ABOUT THIS EXERCISE |
Output a faithful copy of the entries, every picture removed.

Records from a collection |
^^^^^^^^^^^^^^^^

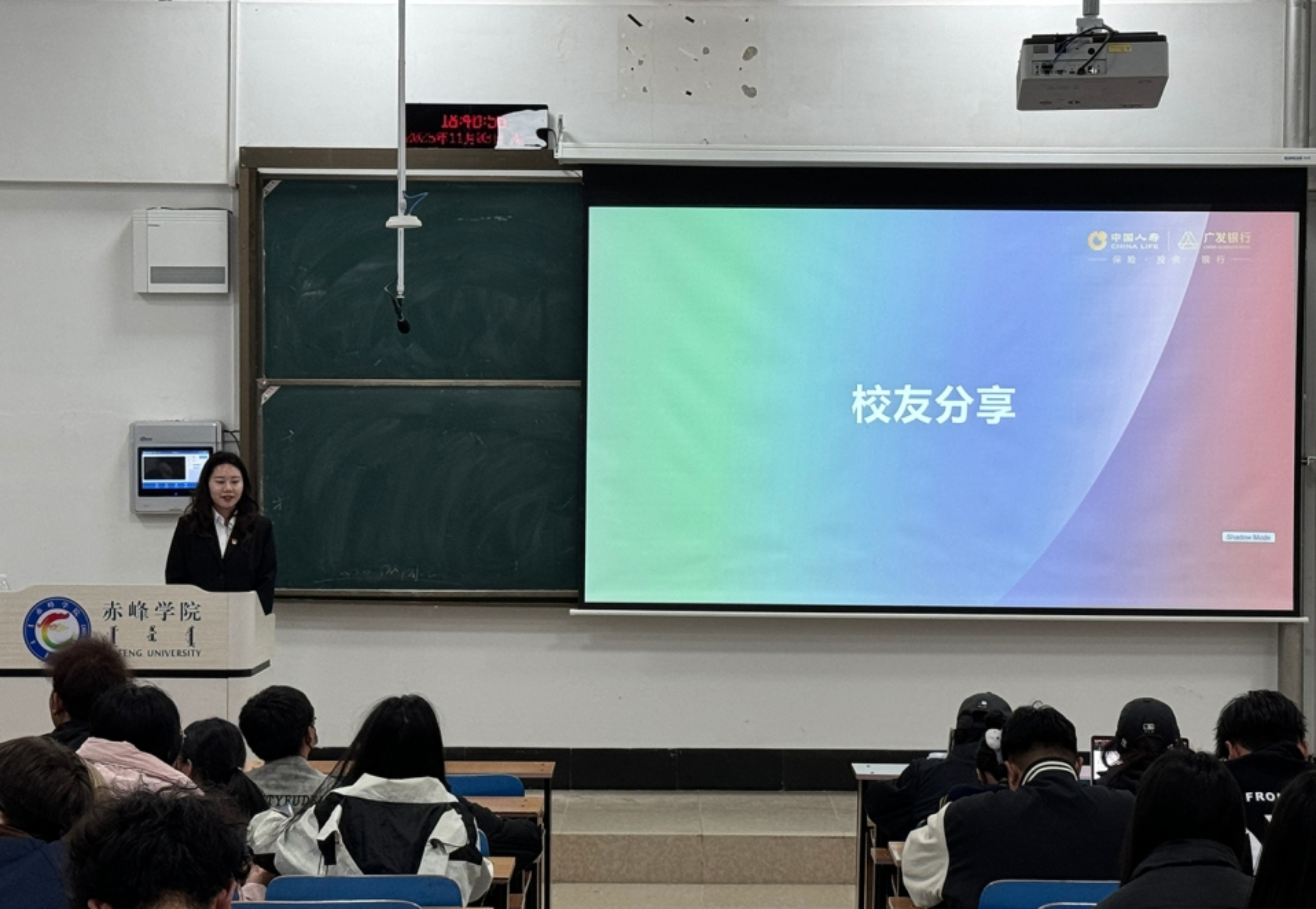 11月3日,中国人寿保险股份有限公司赤峰分公司专场宣讲会在崇学楼117教室举行。来自经济与管理学院、法学与商务学院、文学院等6个二级学院200名学生参加宣讲会。
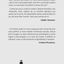 Un thriller politic în care suspansul este ritmat de tempoul politicii și mass-mediei românești actuale. Descoperi în pagini nu doar dimensiunea psihologică și sociologică a personajelor, ci și zona de umbre a politicii românești, ceea ce dă romanului originalitate și savoare.
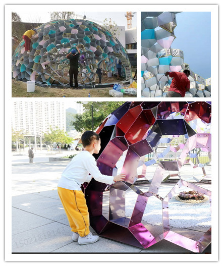 不锈钢镂空球雕塑表面,具体的图案造型可以定做,我们可以根据不同的规格、花纹、形状等,来图来样定做。不锈钢镂空球的制作和XXX不锈钢雕塑的制作流程基本一致,首先要将不锈钢版按照电脑上设计好的图案进行切割,然后管折弯成同等弧度,用以组合镂空球外观,同时我们需要在花纹造型上编号,工人方便记录镂空球雕塑的安装位置。
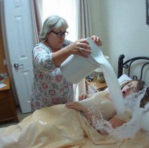 Mijn schoonmoeder gooide een emmer koud water over mij heen om mij wakker te maken, maar
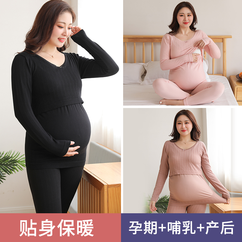 Термобелье, послеродовые зимние штаны, удерживающее тепло нижнее белье для кормящих грудью для беременных, хлопковая пижама, большой размер

^^^^^^^^^^^^^^^^

ANSWER TO THIS TASK |
 11月3日,中国人寿保险股份有限公司赤峰分公司专场宣讲会在崇学楼117教室举行。来自经济与管理学院、法学与商务学院、文学院等6个二级学院200名学生参加宣讲会。
 Un thriller politic în care suspansul este ritmat de tempoul politicii și mass-mediei românești actuale. Descoperi în pagini nu doar dimensiunea psihologică și sociologică a personajelor, ci și zona de umbre a politicii românești, ceea ce dă romanului originalitate și savoare.
 不锈钢镂空球雕塑表面,具体的图案造型可以定做,我们可以根据不同的规格、花纹、形状等,来图来样定做。不锈钢镂空球的制作和XXX不锈钢雕塑的制作流程基本一致,首先要将不锈钢版按照电脑上设计好的图案进行切割,然后管折弯成同等弧度,用以组合镂空球外观,同时我们需要在花纹造型上编号,工人方便记录镂空球雕塑的安装位置。
 Mijn schoonmoeder gooide een emmer koud water over mij heen om mij wakker te maken, maar
 Термобелье, послеродовые зимние штаны, удерживающее тепло нижнее белье для кормящих грудью для беременных, хлопковая пижама, большой размер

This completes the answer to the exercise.